Everybody has to go through this testing time whether u want it or not, that is the reason I say never laugh when u see someone's suffering and never help Evil in killing someone whether physically, emotionally or mentally coz you never know how God will put you in the same situation when your time will come......

Sunday, June 26, 2011

Magic Wand !!!

Love to me is like a magic wand
whenever I am troubled it makes my problems ends.

Whenever I am Sad, It asks happiness to play my favorite band.
Love to me is like a magic wand.

People go after it and it comes to me slowly
Slowly and touches my soul & heart to show me there is no ugliness in accepting who I am.

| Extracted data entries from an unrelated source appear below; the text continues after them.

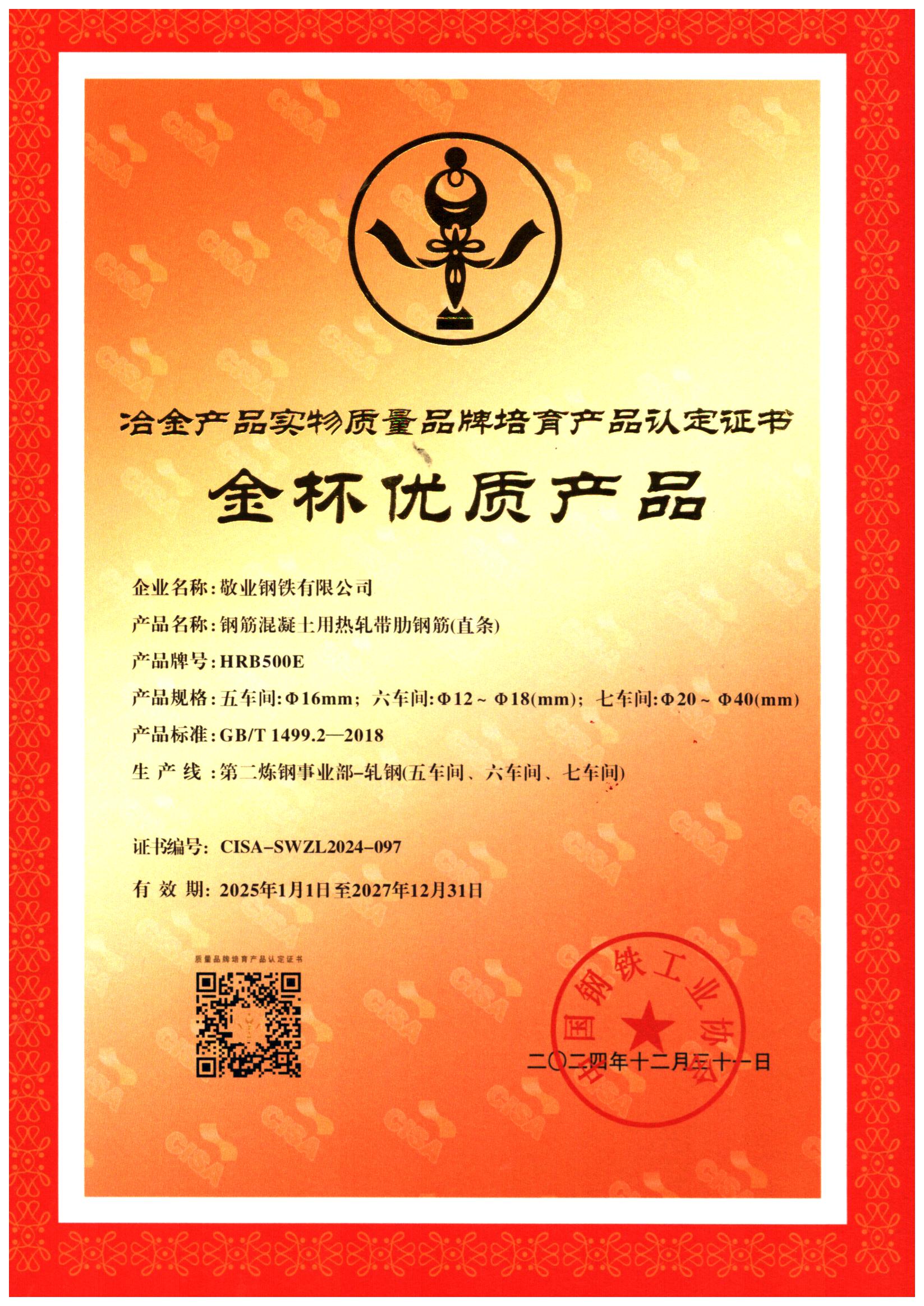 7.2.7证书--敬业钢铁有限公司质量管理体系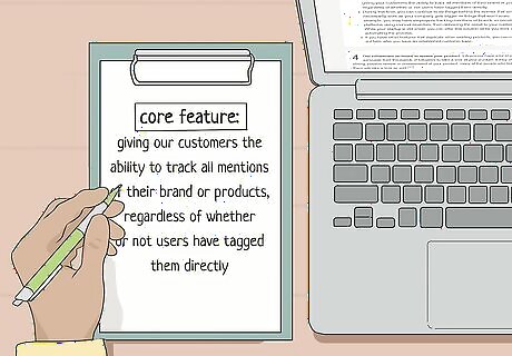 Isolate the core features of your product. Your product is designed to address a problem. Figure out which features are absolutely necessary to use your product effectively. These are your core features. Ideally, they'll also be features that set you apart from existing products already on the market. For example, if you have a social media management product, you might start by giving your customers the ability to track all mentions of their brand or products, regardless of whether or not users have tagged them directly. During this time, you can continue to do things behind the scenes that won't necessarily work as your company gets bigger — things that won't scale. For example, you may have employees tracking mentions of brands on social media platforms using manual searches, then delivering the result to your customers. While your startup is still small, you can offer this solution while you work on automating the process. If you have other features that duplicate other existing products, you can roll those out later after you have an established customer base.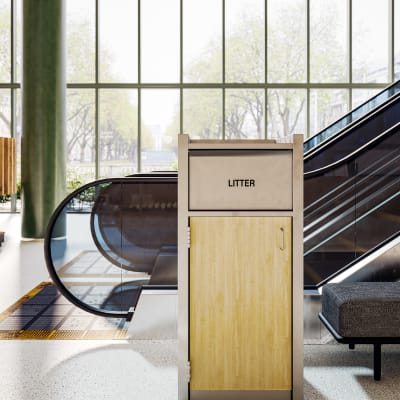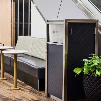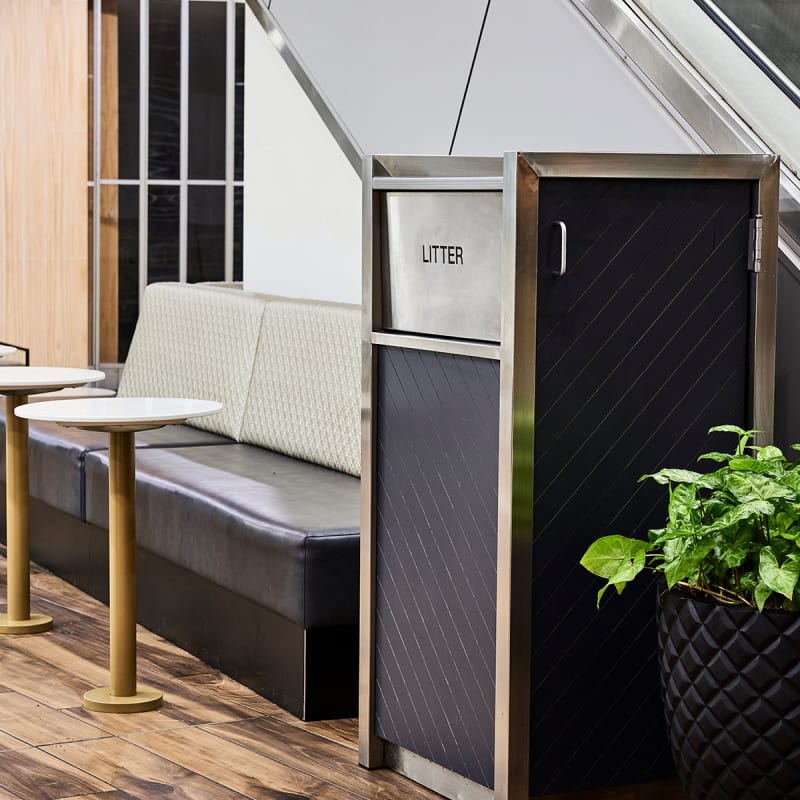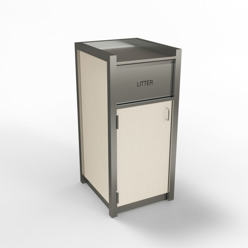 Single bin stations with tray return. 120L capacity. Stainless steel frame. Laminate, v-groove compact laminate options.

Love to me is like a magic wand.

The moment this world communicates with me in a manner which I don't understand
Love comes and guides me to what I misunderstand.
No wonder it always acts like a magic wand
The more I give it away the more it comes back to me
and the moment I look back to thank Love
It gets lost in the sand.....

Thursday, June 16, 2011

A thought!!!

My heart is longing for true happiness
When I searched it everywhere all I could find it emptiness
Emptiness in people mind acting in living there own life but hiding behind.
Behind the walls of chase I am unable to see his face.
Who is he and what he wants is the question wandered my life for long.
Now I chose to give up and concentrate on my life because I have realized that the true happiness comes in when u stop looking for it and stand still for a while
Peace has taken me over no more gossips , no more hatred I care no more , I see no more and I believe no more.
No more in this outer world cause it has nothing but negative layer which is enough to make me distract from my happiness and from people that I care

World is happy when my heart is happy
I have understood this coz now I have created a layer of my happiness which I share.